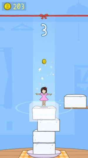 2、游戏中设有完美跳跃机制,当角色准确跳到豆腐中心时会获得额外分数和硬币奖励,鼓励玩家追求更高的精准度和更好的表现。
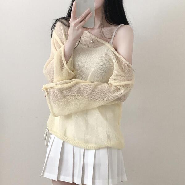 Women's/パステルシースルーオフショルダーロングスリーブニットウェア
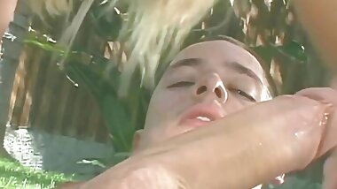 "Pretty young blonde in black lingerie fucked in the ass and swallows cum"
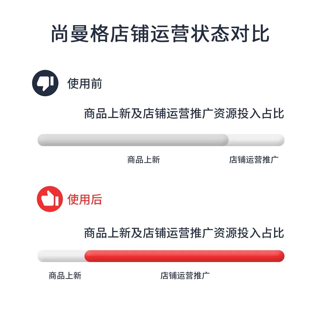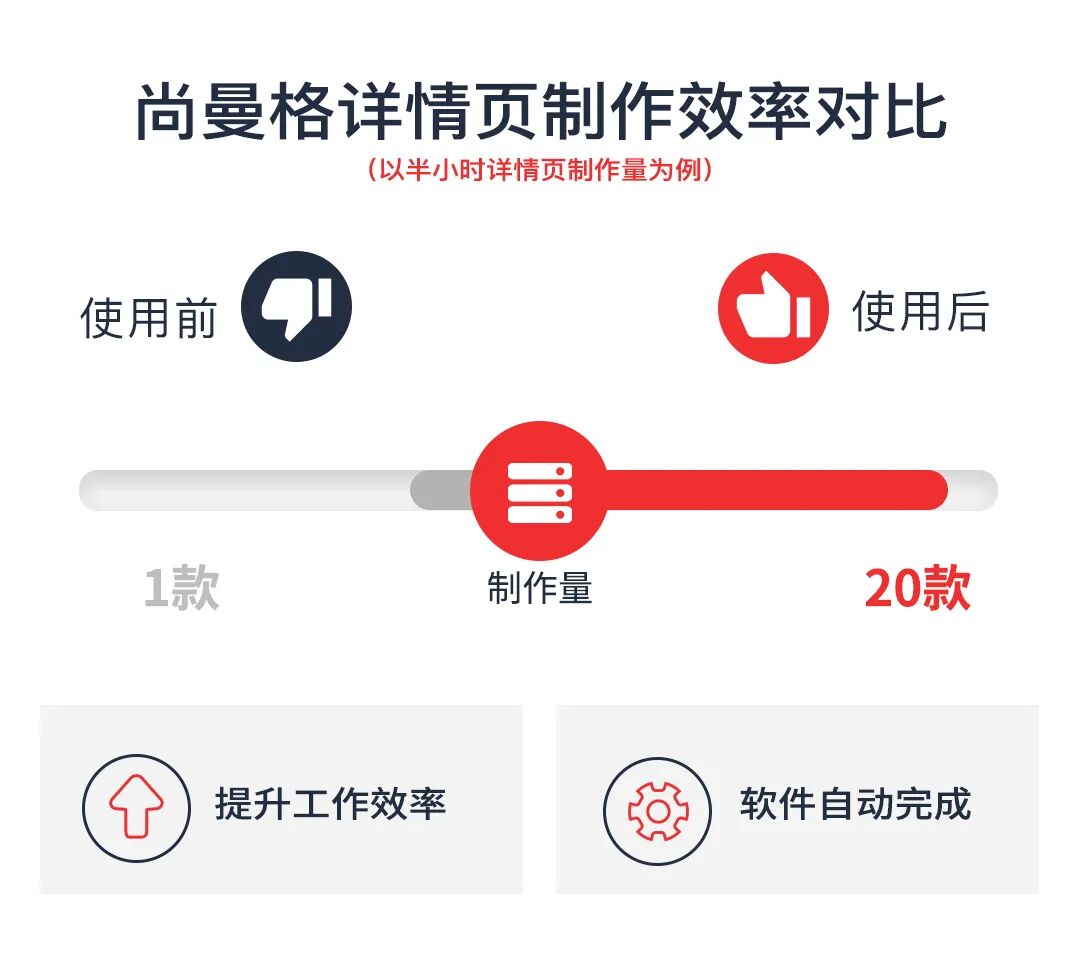 合作前,尚曼格详情页相关的图片排版、文案填写、切片导出都需要人工重复操作,半小时只能制作一款详情页。合作后,快麦详情机器人结合图像识别领域的相关技术,快速处理尚曼格上传素材包,自动生成符合店铺需求的详情页。现在通过软件,半小时能够完成20款详情页制作。
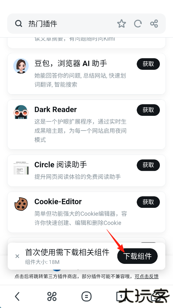 5、点击屏幕右下角的“下载组件”。
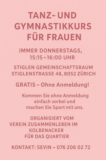Kosten pro Lektion: 10Fr. / Frauen mit Status F aus dem Quartier Seebach bezahlen pro Quartal 10 Fr.
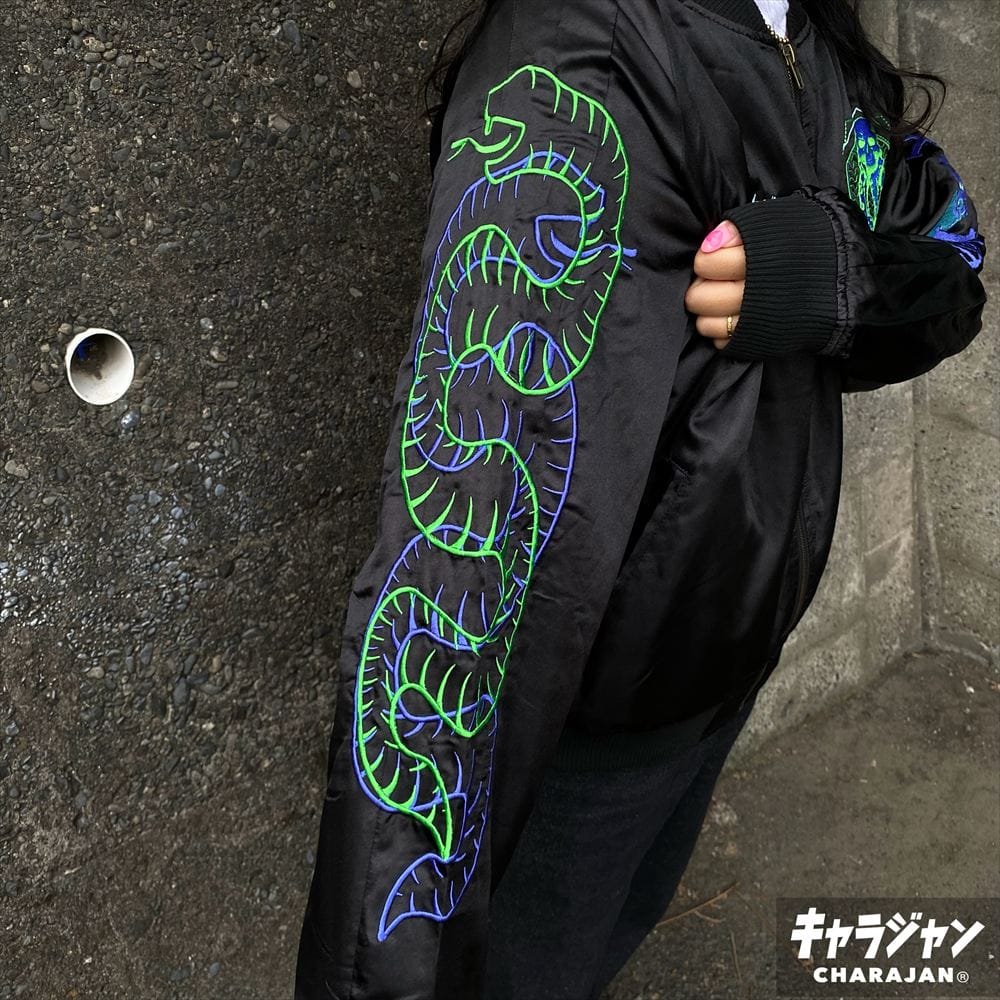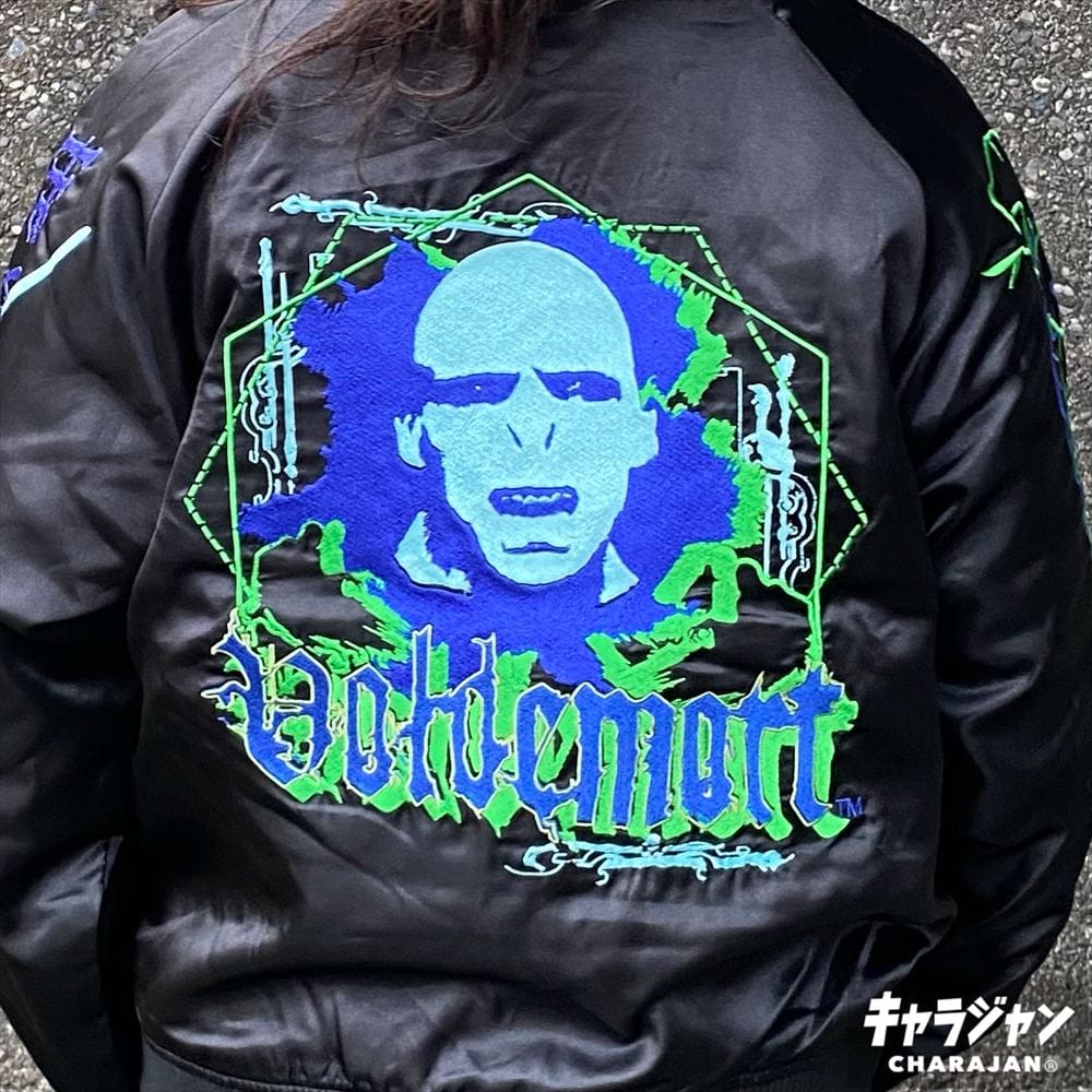 インパクト抜群!名前を呼んではいけないあの人、と世間で呼ばれる最強の闇の魔法使いヴォルデモートが背面に大きくデザインされたスカジャンです。
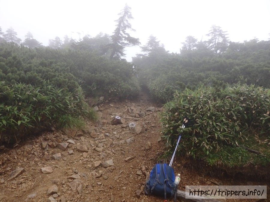 7:58に杓子平に到着しました。私の装備品と一緒に撮影。他の人のリュックよりも明らかに小さい。ここまで下りも結構急で、トレッキングポールなかったら困りものでした。私の手足が短いからです。
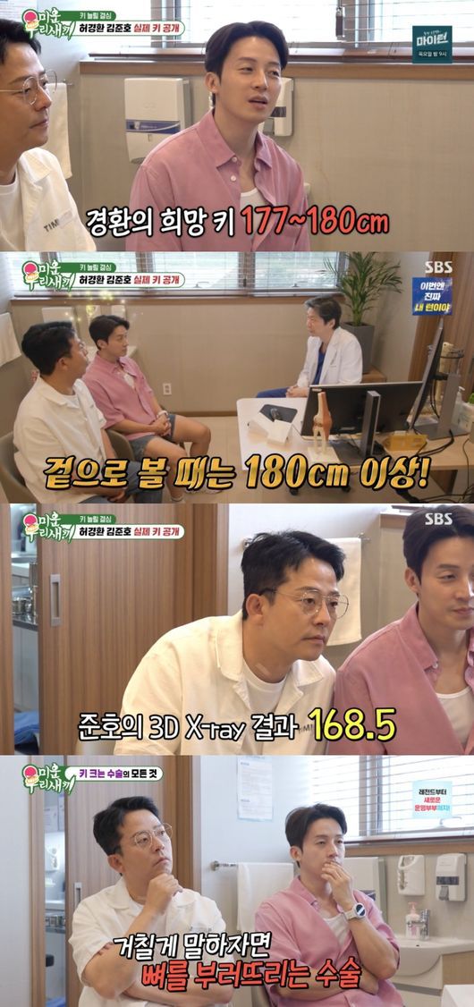 그리고 진행된 상담. 앞서 두 사람은 각종 검사를 했던 바. 엑스레이로 본 실제 키가 공개됐다. 허경환은 168.2cm로 하체 비율은 한국 평균보다 좀 짧은 편이었다. 이를 들은 허경환은 “지금 너무 충격이 크다”라고 했고, 김준호는 “숏다리란 소리네요”라고 못 박아 웃음을 자아냈다.
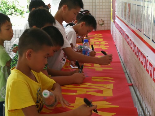 本网讯 2018年7月17日星期二,是七月辰光服务队来到广东省清远市清新区三坑镇中心小学的第八天。在第八天,各项工作有序进行。上午,清远市清新区教育局在三坑镇中心小学利用服务队下乡义教时间,组织员工参与禁毒宣传和签名活动,对员工进行了一次禁毒宣传教育洗礼。
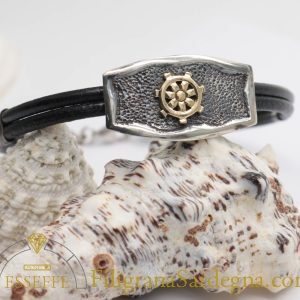 Categoria: bracciale pelle sbalzo e cesello Lega: argento 925 con elemento centrale in oro 750 o argento Tecnica: sbalzo e cesello Laccio: pelle Lunghezza: scrivete la lunghezza desiderata nella nota dell'ordine
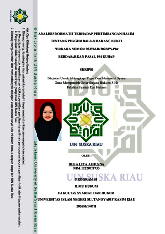 DHEA LITA ALHUSNA, - (2026) ANALISIS NORMATIF TERHADAP PERTIMBANGAN HAKIM TENTANG PENGEMBALIAN BARANG BUKTI PERKARA NOMOR 983/Pid.B/2025/PN.Pbr BERDASARKAN PASAL 194 KUHAP. Skripsi thesis, UNIVERSITAS ISLAM NEGERI SULTAN SYARIF KASIM RIAU.
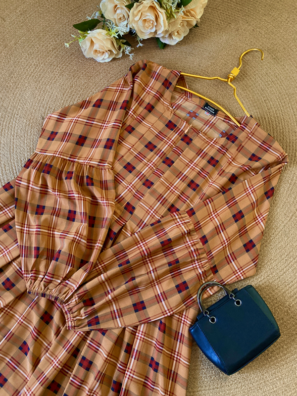 RAZIA GOWN BROWN CHECKERED
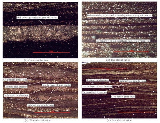 In this paper, the formation of quartic laminae is analyzed. The terrestrial clasts, organic matter, and carbonate minerals in the laminae are of mechanical, biological, and (biological) chemical origin, respectively. Based on the features of “cold and dry winter and spring, hot and rainy summer and autumn, stratified lake water in winter and summer” in temperate zone or middle and south subtropical monsoon climate, the development model of four types laminated layer combination of shale was established. In spring, due to the increase in temperature and precipitation, the lake level rises, vertical exchange and mixing take place in the stratified water body, and the freshwater, debris, and inorganic salt supplied by the material source are conducive to the growth of algae such as diatom and ditch whipped algae [42], especially in the late spring and early summer, the algae flourish, die, and deposit, forming rich organic laminae. In summer, the climate temperature is high. The precipitation is sufficient and the organisms are flourishing. The carbonate-rich laminae are formed by the (biological) chemical and biological sedimentation. At the same time, the organic matter is difficult to precipitate and decomposes in a large amount due to the stratification of the water body, so the organic matter is relatively undeveloped. In autumn, the temperature began to decrease, the precipitation decreased, the salinity increased, and the stratified water began to mix again, which was beneficial to the growth of algae such as pelagic algae and the increase in organic matter and clay minerals. Because of the frequent change in sedimentary environment, the four-type laminated assemblage of page-like structure does not necessarily develop completely. The type of laminated assemblage, laminated monolayer thickness, and continuity of the laminated structure vary with the type of sedimentary environment, duration, and mixing degree of different parts, so as to evolve into laminated, thin, and laminated and massive.
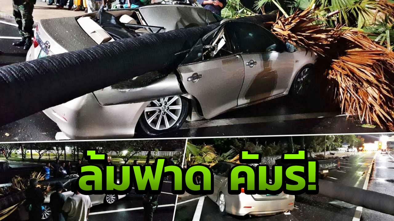 ต้นตาลริมทะเลสัตหีบ อายุนับร้อยปี เจอพายุลมแรงระลอกล่าสุด ทานไม่ไหว โดนพัดหักโค่นล้มลงมาทับรถเก๋งคัมรี หนุ่มใหญ่ชาวกรุง จอดลงไปกินข้าว กลับมาอีกที เจอรถโดนทับพังยับเยิน
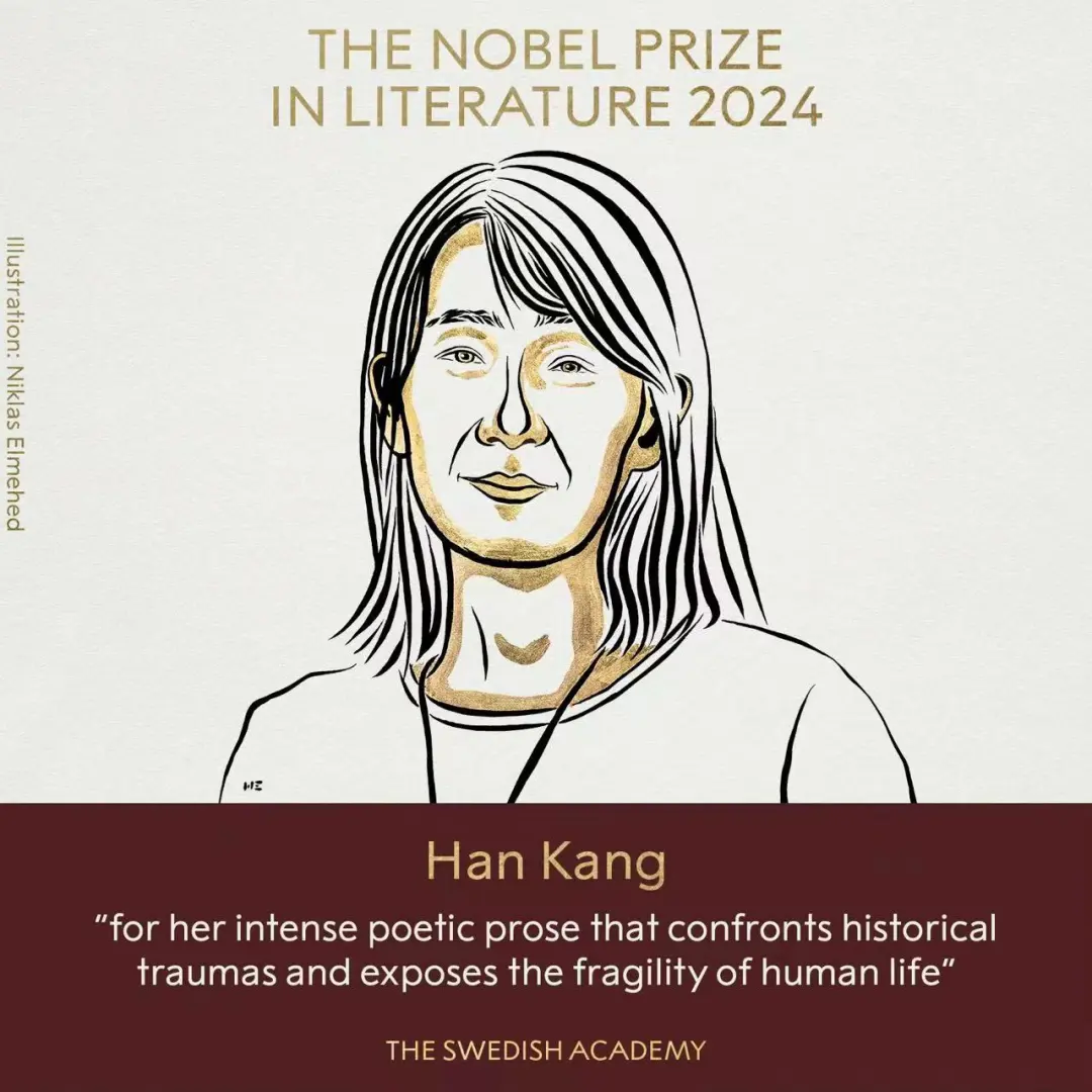 2024年諾貝爾文學獎授予韓國作家韓江“她面對歷史創(chuàng)傷,揭露人類生命脆弱的強烈詩意散文。”
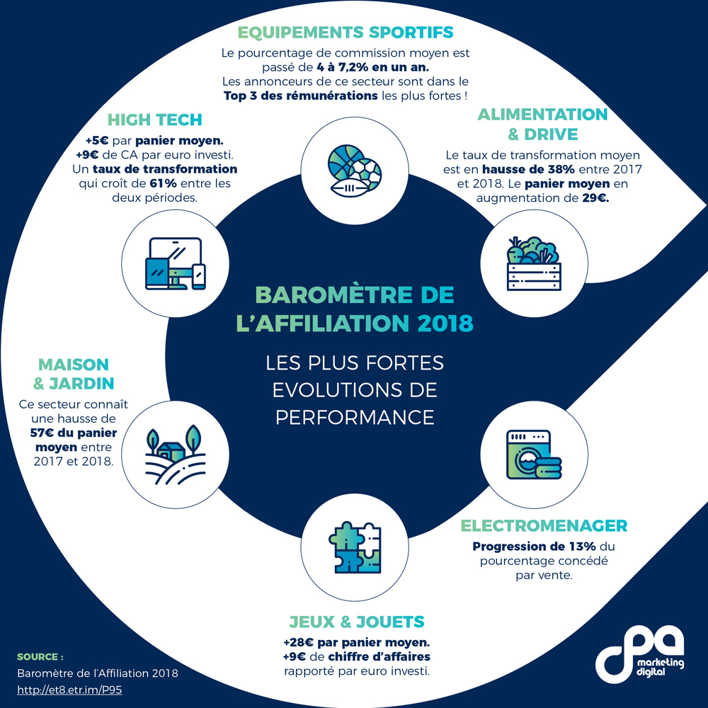 Paris, le 29 janvier 2019 – Le CPA, Collectif Pour les Acteurs du marketing digital, présente le 2ème baromètre de l’affiliation. Cette édition 2018 synthétise et analyse les chiffres de plus de 3000 e-commerçants répartis en 15 secteurs d’activité.

[Problem statement] Produce an exact copy of each line of data, skipping embedded images.

[Answer area]
 2、游戏中设有完美跳跃机制,当角色准确跳到豆腐中心时会获得额外分数和硬币奖励,鼓励玩家追求更高的精准度和更好的表现。
 Women's/パステルシースルーオフショルダーロングスリーブニットウェア
 "Pretty young blonde in black lingerie fucked in the ass and swallows cum"
 合作前,尚曼格详情页相关的图片排版、文案填写、切片导出都需要人工重复操作,半小时只能制作一款详情页。合作后,快麦详情机器人结合图像识别领域的相关技术,快速处理尚曼格上传素材包,自动生成符合店铺需求的详情页。现在通过软件,半小时能够完成20款详情页制作。
 5、点击屏幕右下角的“下载组件”。
Kosten pro Lektion: 10Fr. / Frauen mit Status F aus dem Quartier Seebach bezahlen pro Quartal 10 Fr.
 インパクト抜群!名前を呼んではいけないあの人、と世間で呼ばれる最強の闇の魔法使いヴォルデモートが背面に大きくデザインされたスカジャンです。
 7:58に杓子平に到着しました。私の装備品と一緒に撮影。他の人のリュックよりも明らかに小さい。ここまで下りも結構急で、トレッキングポールなかったら困りものでした。私の手足が短いからです。
 그리고 진행된 상담. 앞서 두 사람은 각종 검사를 했던 바. 엑스레이로 본 실제 키가 공개됐다. 허경환은 168.2cm로 하체 비율은 한국 평균보다 좀 짧은 편이었다. 이를 들은 허경환은 “지금 너무 충격이 크다”라고 했고, 김준호는 “숏다리란 소리네요”라고 못 박아 웃음을 자아냈다.
 本网讯 2018年7月17日星期二,是七月辰光服务队来到广东省清远市清新区三坑镇中心小学的第八天。在第八天,各项工作有序进行。上午,清远市清新区教育局在三坑镇中心小学利用服务队下乡义教时间,组织员工参与禁毒宣传和签名活动,对员工进行了一次禁毒宣传教育洗礼。
 Categoria: bracciale pelle sbalzo e cesello Lega: argento 925 con elemento centrale in oro 750 o argento Tecnica: sbalzo e cesello Laccio: pelle Lunghezza: scrivete la lunghezza desiderata nella nota dell'ordine
 DHEA LITA ALHUSNA, - (2026) ANALISIS NORMATIF TERHADAP PERTIMBANGAN HAKIM TENTANG PENGEMBALIAN BARANG BUKTI PERKARA NOMOR 983/Pid.B/2025/PN.Pbr BERDASARKAN PASAL 194 KUHAP. Skripsi thesis, UNIVERSITAS ISLAM NEGERI SULTAN SYARIF KASIM RIAU.
 RAZIA GOWN BROWN CHECKERED
 In this paper, the formation of quartic laminae is analyzed. The terrestrial clasts, organic matter, and carbonate minerals in the laminae are of mechanical, biological, and (biological) chemical origin, respectively. Based on the features of “cold and dry winter and spring, hot and rainy summer and autumn, stratified lake water in winter and summer” in temperate zone or middle and south subtropical monsoon climate, the development model of four types laminated layer combination of shale was established. In spring, due to the increase in temperature and precipitation, the lake level rises, vertical exchange and mixing take place in the stratified water body, and the freshwater, debris, and inorganic salt supplied by the material source are conducive to the growth of algae such as diatom and ditch whipped algae [42], especially in the late spring and early summer, the algae flourish, die, and deposit, forming rich organic laminae. In summer, the climate temperature is high. The precipitation is sufficient and the organisms are flourishing. The carbonate-rich laminae are formed by the (biological) chemical and biological sedimentation. At the same time, the organic matter is difficult to precipitate and decomposes in a large amount due to the stratification of the water body, so the organic matter is relatively undeveloped. In autumn, the temperature began to decrease, the precipitation decreased, the salinity increased, and the stratified water began to mix again, which was beneficial to the growth of algae such as pelagic algae and the increase in organic matter and clay minerals. Because of the frequent change in sedimentary environment, the four-type laminated assemblage of page-like structure does not necessarily develop completely. The type of laminated assemblage, laminated monolayer thickness, and continuity of the laminated structure vary with the type of sedimentary environment, duration, and mixing degree of different parts, so as to evolve into laminated, thin, and laminated and massive.
 ต้นตาลริมทะเลสัตหีบ อายุนับร้อยปี เจอพายุลมแรงระลอกล่าสุด ทานไม่ไหว โดนพัดหักโค่นล้มลงมาทับรถเก๋งคัมรี หนุ่มใหญ่ชาวกรุง จอดลงไปกินข้าว กลับมาอีกที เจอรถโดนทับพังยับเยิน
 2024年諾貝爾文學獎授予韓國作家韓江“她面對歷史創(chuàng)傷,揭露人類生命脆弱的強烈詩意散文。”
 Paris, le 29 janvier 2019 – Le CPA, Collectif Pour les Acteurs du marketing digital, présente le 2ème baromètre de l’affiliation. Cette édition 2018 synthétise et analyse les chiffres de plus de 3000 e-commerçants répartis en 15 secteurs d’activité.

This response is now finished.